И нас посадили. Помню, как у входа в подвал потрясенный отец отстегивал от гимнастерки медаль, как передавал смущенному сержанту свой ремень, помню, как встретили нас двое отнюдь не подавленных своим заключением солдат. Они попали сюда дня три тому назад за то, что где-то выпили, успели соскучиться и были рады новым соседям. Вначале они не верили в нашу историю, а когда поверили, не очень потряслись ею: подвал — не место для сильных чувств. И вообще им немного смешным и нелепым казался седой глуховатый человек с дрожащим от ярости голосом, дрожащими руками, который никак не мог уразуметь что-то совсем простое, который обязательно хотел узнать, за что на него этот необъяснимый позор.

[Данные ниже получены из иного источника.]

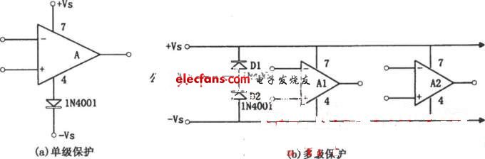 ???????保護(hù)運(yùn)放電源電壓極性反接措施及其電路圖:既有單極的也有多級(jí)的放大電路保護(hù)圖,保護(hù)因電源電壓極性反接導(dǎo)致的流過二極管的電流較大而燒壞二極管。?????????????????????????????????????????????????????????????????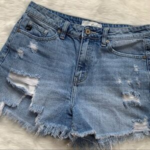 High Rise Cutoff Shorts Denim Distressed Ripped Kancan Size Medium Destroyed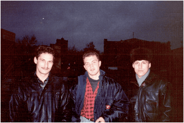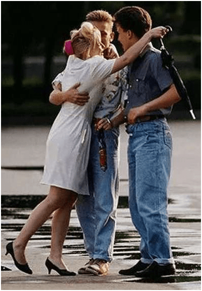 Главным атрибутом 90-х стали кожаные куртки, добавляющие владельцу веса и престижа. На вершине моды были короткие косухи для рокеров и бомберы для “правильных парней”. Тогда купить кожаную куртку по доступной цене было настоящим испытанием. Поэтому днепровская молодежь часто носила косухи с чрезмерно широкими плечами и слишком длинными рукавами – брали то, что было. Образ “крутых парней” формировали сериалы, и большинство юношей старательно копировали его. Обязательным атрибутом были и солнцезащитные очки.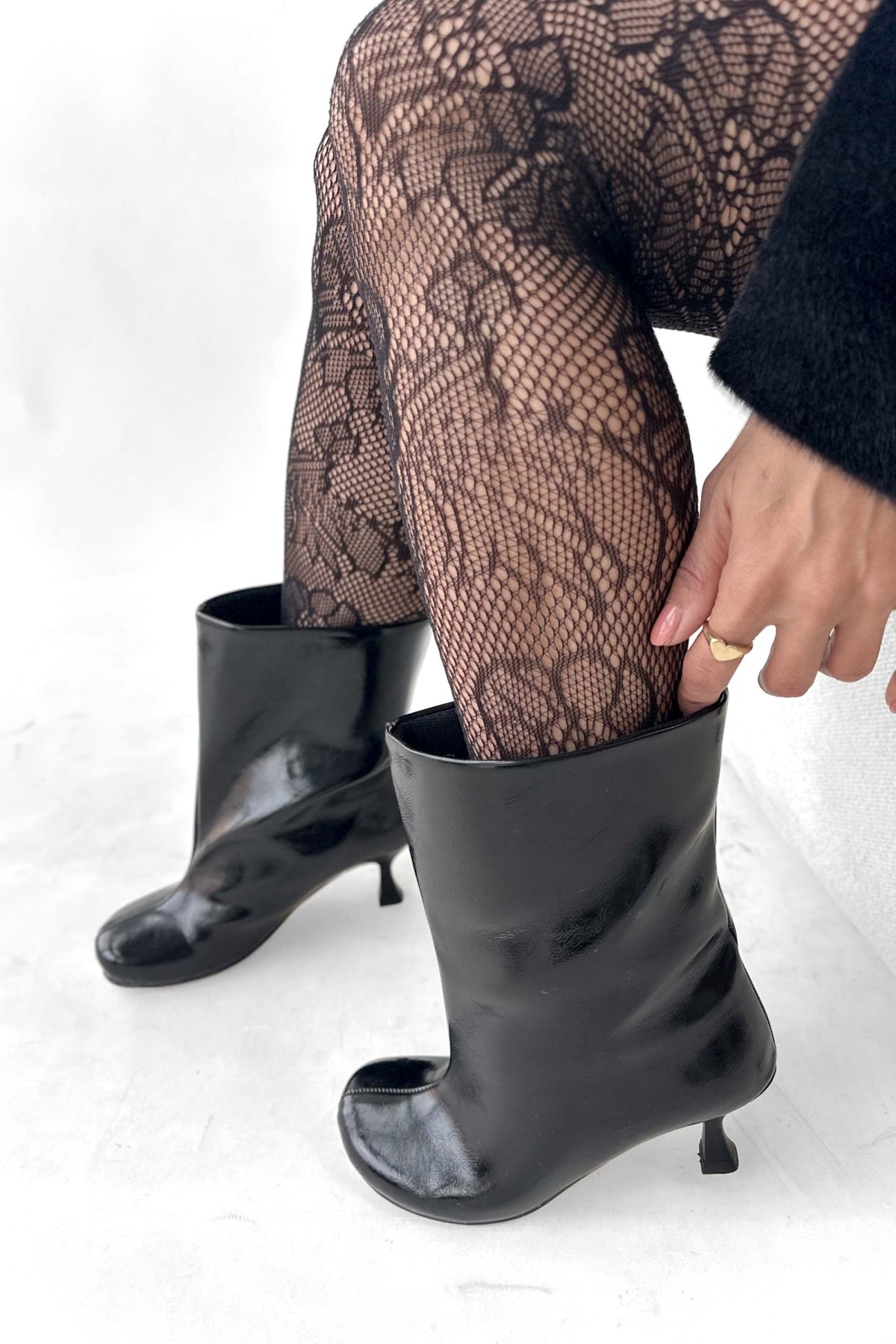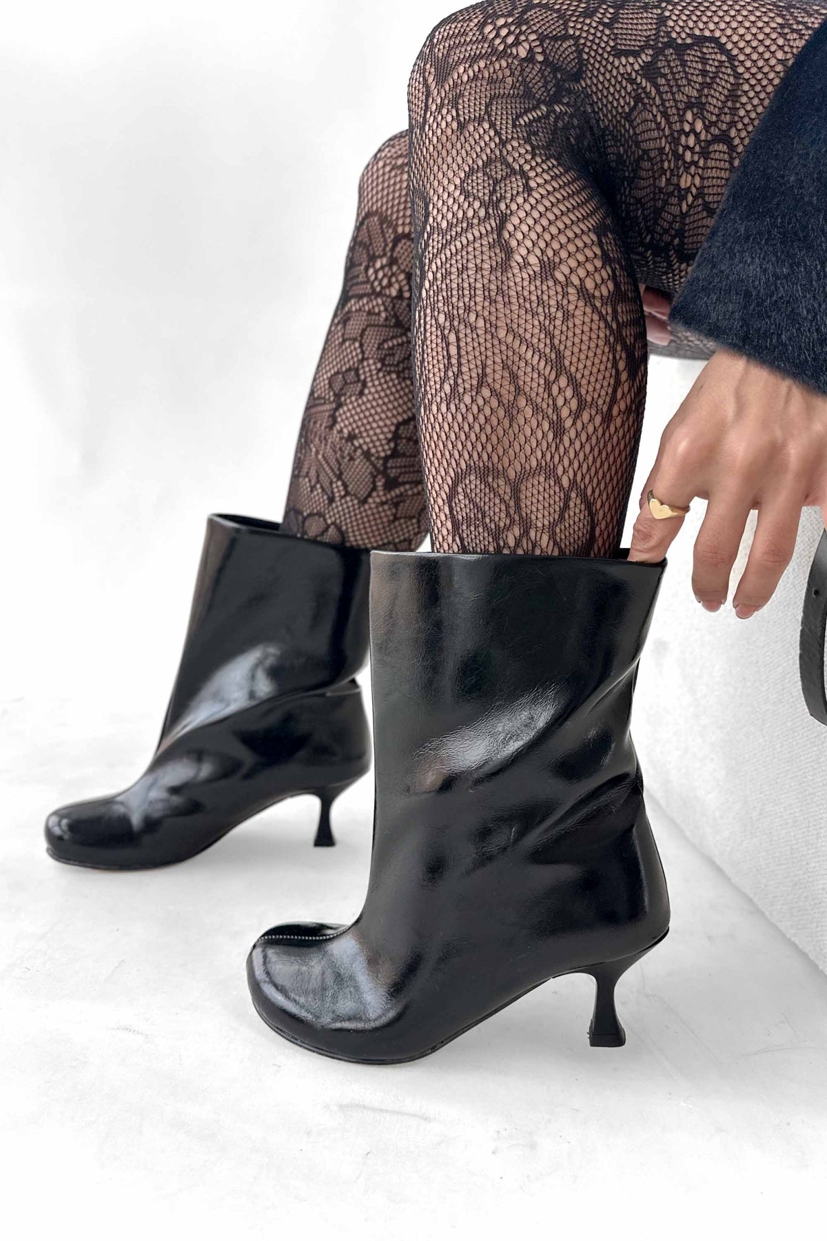 Cenny Siyah Çatlak Rugan Yuvarlak Burun Geniş Kesim Kadın Bootie

Отца выпустили часа через три. Тут же в подвале ему вернули ремень и медаль. Сержант подождал, пока он перепояшется, приведет себя в порядок, почтительно пропустил вперед, подмигнул солдатам: «Не скучаете, братцы?» И, хоть сержант ничем этого не показал, я почувствовал, что он стал чуть иронически относиться к отцу, словно этот нелепый арест запачкал и меня и отца.

Некоторое время я ждал, что придут и за мной. Но меня не выпустили. Днем вместе с проштрафившимися солдатами я подметал двор перед штабом, ночью спал на нарах в подвале. Освободили меня дня через три. Сержант пришел утром, потоптался и как-то неопределенно сказал:

— А ты еще здесь? Иди, что ли...

Будто не был уверен, правильно ли поступает.

В бараке меня встретили с сочувствием и в то же время чуть иронически. Я и сам за это время понял, что это почему-то смешно: ехал человек черт знает откуда, разыскивал сына, взбудоражил всех, а его взяли и посадили в каталажку.

Больше отца на завод не пускали. И меня с завода к нему. Начальник штаба, когда я пришел к нему, сказал, что у него нет времени со мной разговаривать. Потом все-таки вернул меня и объяснил:

— Отец хлопочет в Берлине, чтобы тебя отдали ему. Разрешат — езжайте. А на территорию завода посторонним вход воспрещен.

В воскресенье через дырку в заборе я выбрался в город и пошел разыскивать гостиницу отца. Выйдя в город тайком, без пропуска, я совершал тяжкий поступок и потому боялся встречных наших и немцев. Все же мне приходилось обращаться за помощью к прохожим, и они указали мне дом, в котором располагалась гостиница отца. Отца я нашел на втором этаже. Он был обескуражен, растерян, торжественно проклинал майора Панова: «Проклятье этому извергу!» Сказал, что второй день не выходит на улицу — отпускные документы у него просрочены, могут задержать как дезертира. «Мое отцовское проклятье этому негодяю!» Если в самое ближайшее время мое дело в Берлине не будет решено, отец будет вынужден уехать.

— А как же я?

— Но ведь я уже почти дезертир!

— Лучше бы ты не приезжал совсем! — крикнул я.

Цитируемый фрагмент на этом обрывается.